(Material provided)

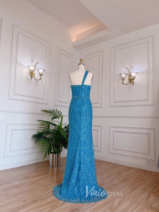 Shimmer Ocean Blue Prom Dresses Beaded Sequin Evening Dress 20074
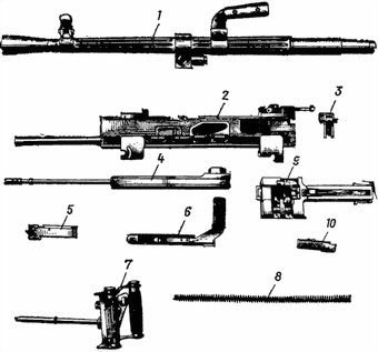 1 ствол; 2 ствольная коробка с прицелом; 3 замыкатель ствола; 4 затворная рама с поршнем; 5 затвор; 6 рукоятка перезаряжания; 7 затыльник; 8 возвратно-боевая пружина; 9 приемник; 10 спусковой механизм
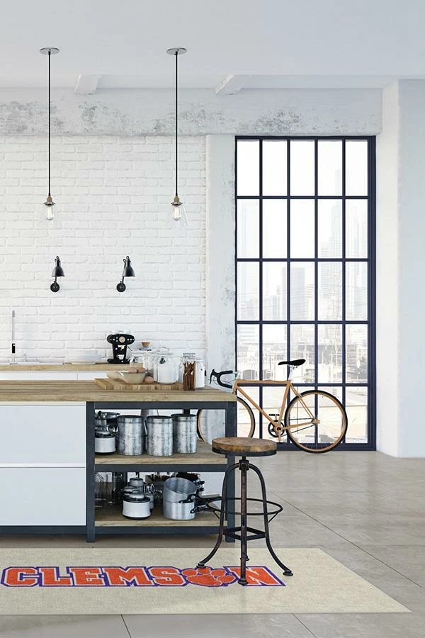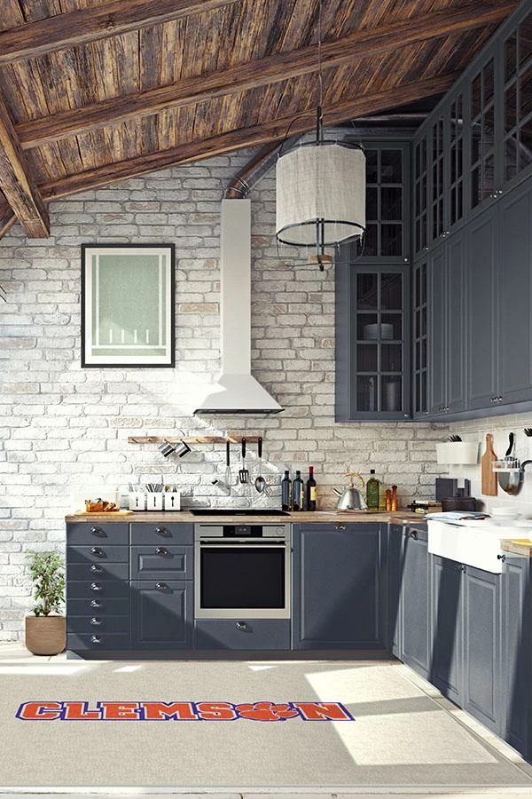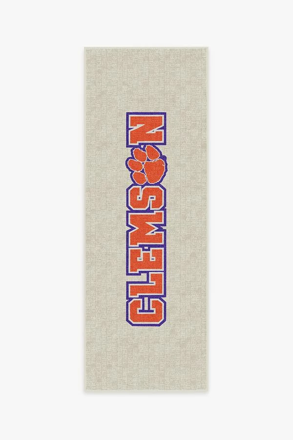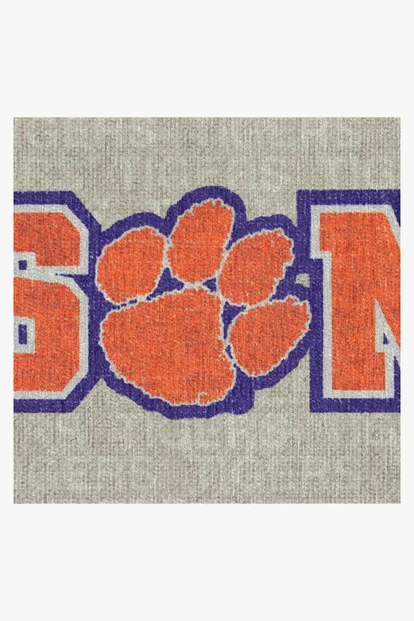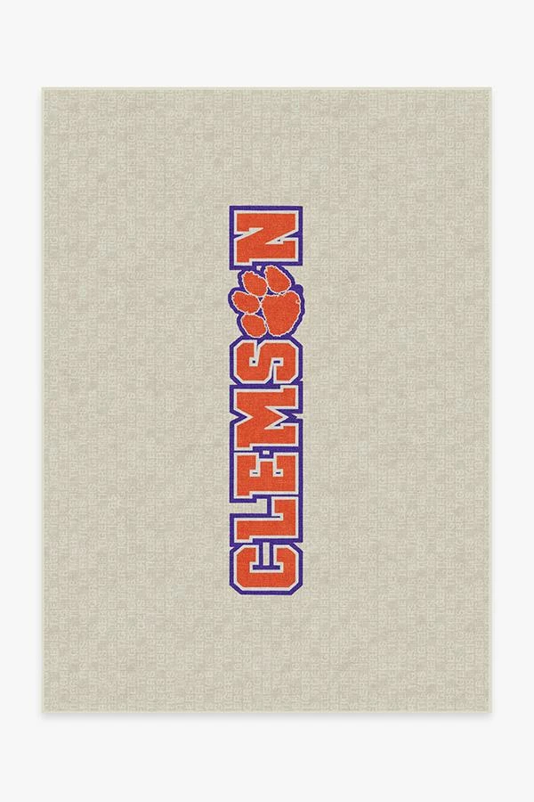 Show off your fierce Tiger spirit! This Clemson rug features the school’s logo in purple and orange centered on a cream background. Water-resistant, stain-resistant, and machine-washable.
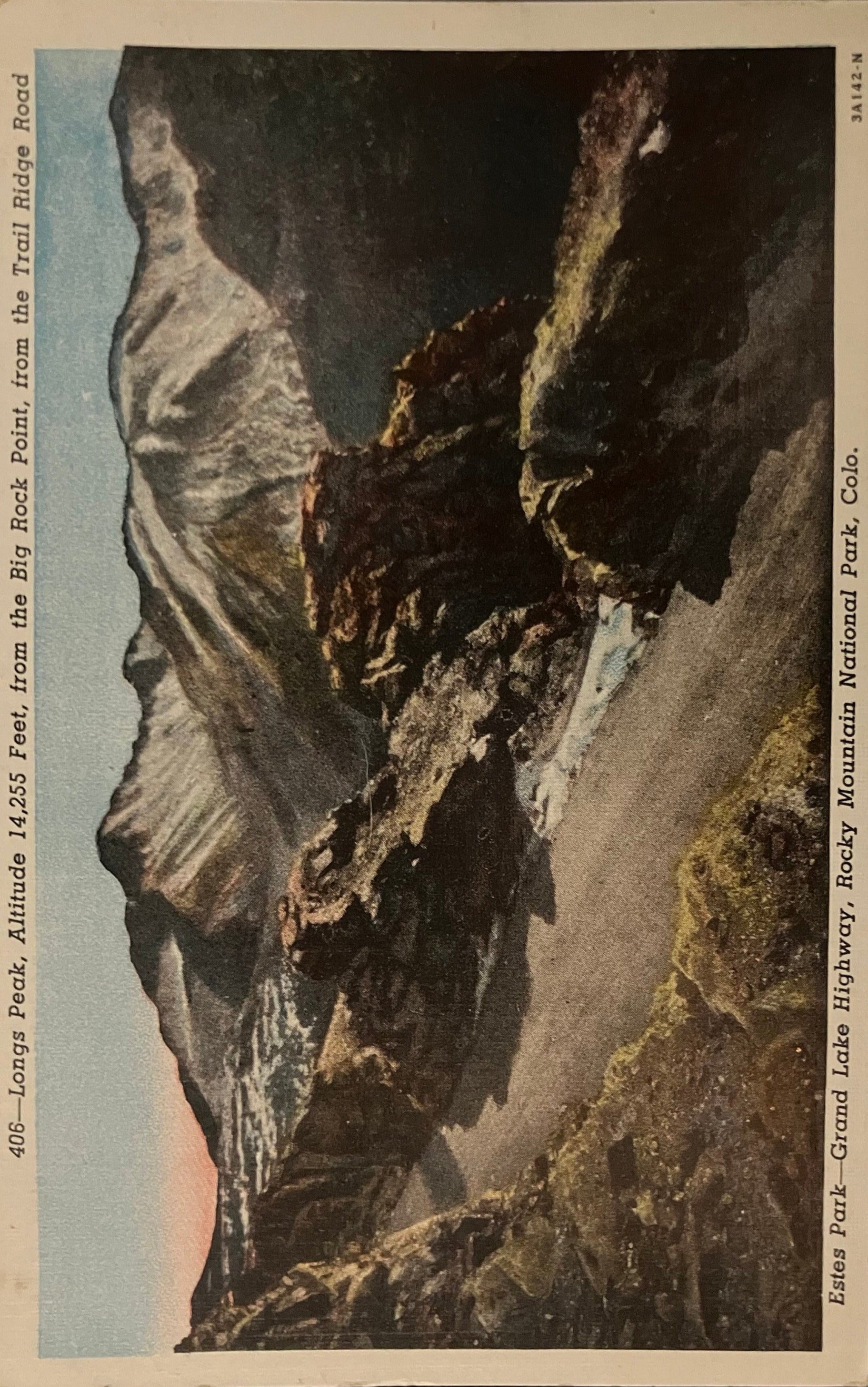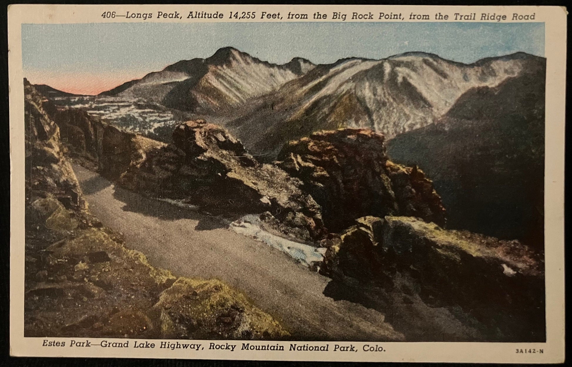 Estes Park - Grand Lake Highway Rocky Mountain Notional Park, Colorado - Longs Peak - 1940s Linen Postcard

(End Material provided)

▸ Problem details
Pictures aside, retype the material exactly.

▸ Result of the exercise
 Shimmer Ocean Blue Prom Dresses Beaded Sequin Evening Dress 20074
 1 ствол; 2 ствольная коробка с прицелом; 3 замыкатель ствола; 4 затворная рама с поршнем; 5 затвор; 6 рукоятка перезаряжания; 7 затыльник; 8 возвратно-боевая пружина; 9 приемник; 10 спусковой механизм
 Show off your fierce Tiger spirit! This Clemson rug features the school’s logo in purple and orange centered on a cream background. Water-resistant, stain-resistant, and machine-washable.
 Estes Park - Grand Lake Highway Rocky Mountain Notional Park, Colorado - Longs Peak - 1940s Linen Postcard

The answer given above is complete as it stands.